Koray et al. applied sparse coding as a convolution filter bank learning mechanism (dictionary). The learned filters predict quasi-sparse features. The study compared the patch-based sparse coding model with the convolutional sparse coding model, and generated filters are shown in Figures 8 and 9. The filters generated by convolutional sparse coding reduced redundancy between feature vectors at nearby locations and increased overall efficiency. The size of the convolutional filter bank was calculated using a formulation-based convolution rather than the input-dependent dictionary size. A formulation-based convolution was used over the traditional convolution approach to reduce the complexity. The filter size was selected as 9x9x64 and 9x9x256 for the first and second layers, respectively. However, no concrete arguments are made for particular sizes and numbers. It was claimed to have a better number of learned filters over convolutional RBM and traditional sparse coding.
FIGURE 9 Second-stage filters of convolutional sparse coding
4.2 | Clustering
Clustering methods aim at grouping the data points that possess ”likeliness” measured by similarity measurement. Even though the groups have labels or not, grouping the ”similar” data points is the core concept of clustering algorithms. The ”similarity” can be defined in many ways. Mainly distance-based or probabilistic partitional-based methods are used for image clustering. The distance-based methods mostly use Euclidian or cosine measures, and probabilistic methods use probability scores in decision-making. The widely used performance criteria for cluster assignment are intra-cluster compactness and inter-cluster separability. The goal is to minimize cluster compactness and maximize the distance between clusters. Compared to supervised methods, clustering methods require very little domain knowledge. In semi-supervised architecture, mainly supervised algorithms are used for feature learning, followed by clustering methods for grouping the objects (as an alternative to the supervised classification method). However, it was noted that training convolutional filters using clustering techniques can be promising and obtain general-purpose visual features. A few distance-based methods have been applied to feature extraction as filters, and such studies are briefly discussed here.
4.2.1 | K-means
K-means is a commonly adopted clustering algorithm due to its simplicity. The fundamental concept is to find the centroids that minimize the distance between the points and the nearest centroids of the clusters in Euclidean space. The number of clusters (K) is the main hyperparameter needed to be defined initially. K-means as a learning module (feature Learning) can lead to excellent results; however, changes are required depending on the variety of datasets and objective functions.

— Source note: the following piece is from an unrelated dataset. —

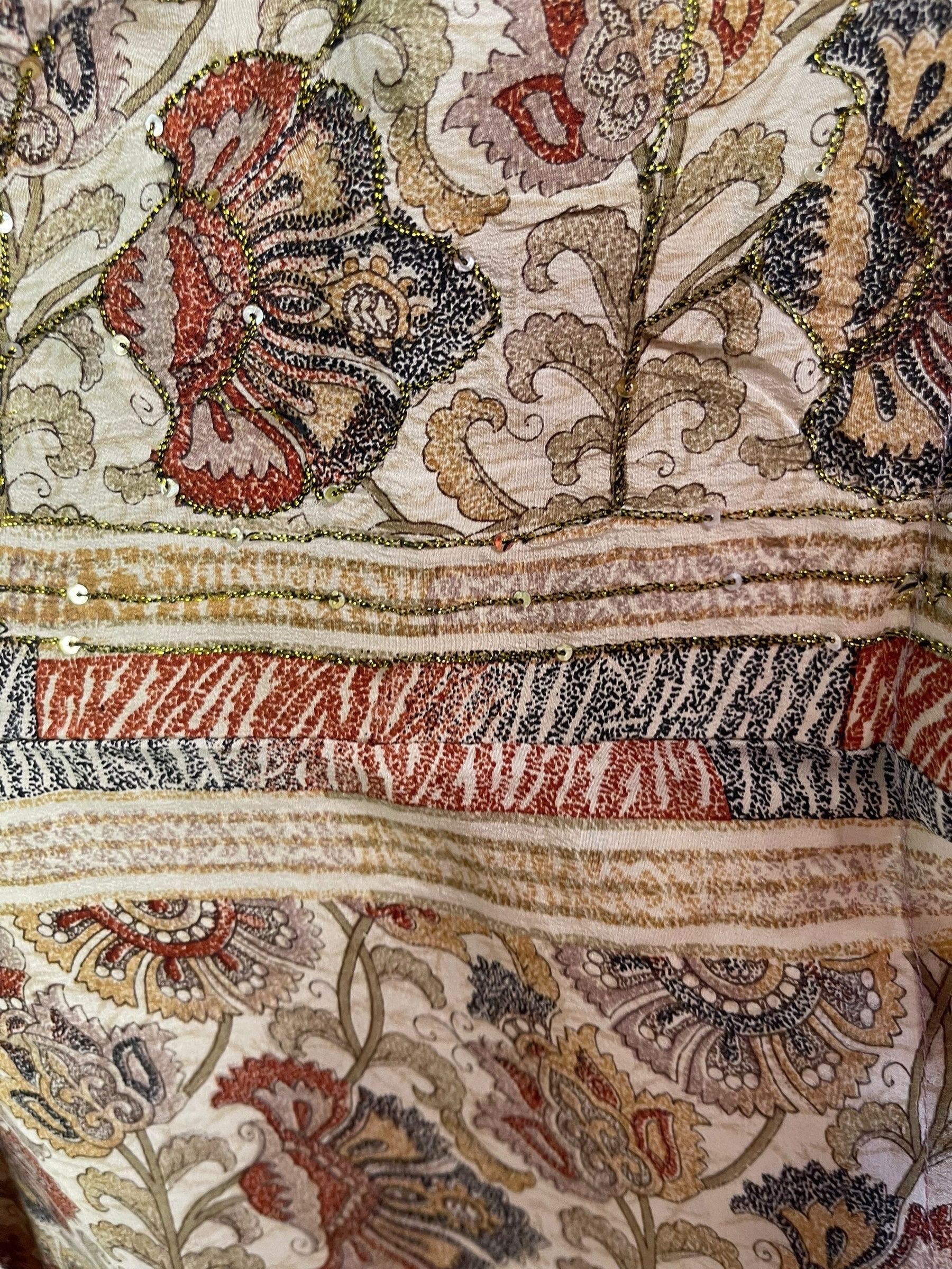 In Eastern philosophy, an Avatar is an incarnation that teaches how to evolve virtues of the past into the present. The Pure Upcycled Silk Avatar Collection is made from vintage pure silk saris, chosen and worn by women in the past to celebrate their lives.If you look very closely, you will see that the silks in this collection show some of the character of their previous incarnations through the appliqués that have been lovingly applied to bring new life to the fabric. This piece is a reminder that we are part of a collective journey to which we all add a little something.
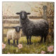 Uma pintura animadora de uma ovelha gentil e seu cordeiro lúdico num campo de primavera cheio de verde fresco e flores silvestres florescentes. Esta encantadora paisagem rural captura o calor e a renovação da primavera na fazenda.

Adam and Andrew used K-means to obtain a dictionary of linear filters. The filter size was chosen 6x6 over input images of 32x32 and convolved with the stride of 1. The number of filters (K1, K2, and K3) for the three layers was chosen as 1600, 3200, and 3200, respectively. The experiment was focused more on selecting local receptive fields, and no discussion was found on determining the number of clusters over the three layers. In a different approach, when the K-means clustering was applied to images for feature learning, the data points were considered pixels or image patches and centroids as the filters. The patch size was set the same as the number of centroids. In the experiment, the patch size is a hyperparameter and was selected 16x16; hence, the centroids dictionary was set to 256. The patches were selected randomly from the input, and the number of selections was around 10000. It was treated as a hyperparameter; however, random patch selection can be avoided now with large datasets available. K-means centroids efficiently detect low-frequency edges but perform poorly in the recognition task. As a solution, the whitening of images was performed before the filters’ training, as whitening tends to generate more orthogonal centroids.
A. Dundar et al. compared classical K-means with convolutional K-means as feature learning filters. Figure 10 shows the filters learned via classical k-means and convolutional K-means. The filters (highlighted red boxes) in classical K-means are likely shifted versions of each other, creating many centroids with similar orientations and generating redundant feature maps. The widely noted issue with classical K-means is a decrement in efficiency with increasing input dimensions. Even for small images, the patch size directly affects the quality of learning by K-means filters. The patch size beyond some point results in poor performance, and the optimum size (taken 6x6 or 8x8) remains a hyperparameter. The depth of the model is directly proportional to the number of trainable parameters. As a solution, a random selection of patches is observed as a widely accepted solution.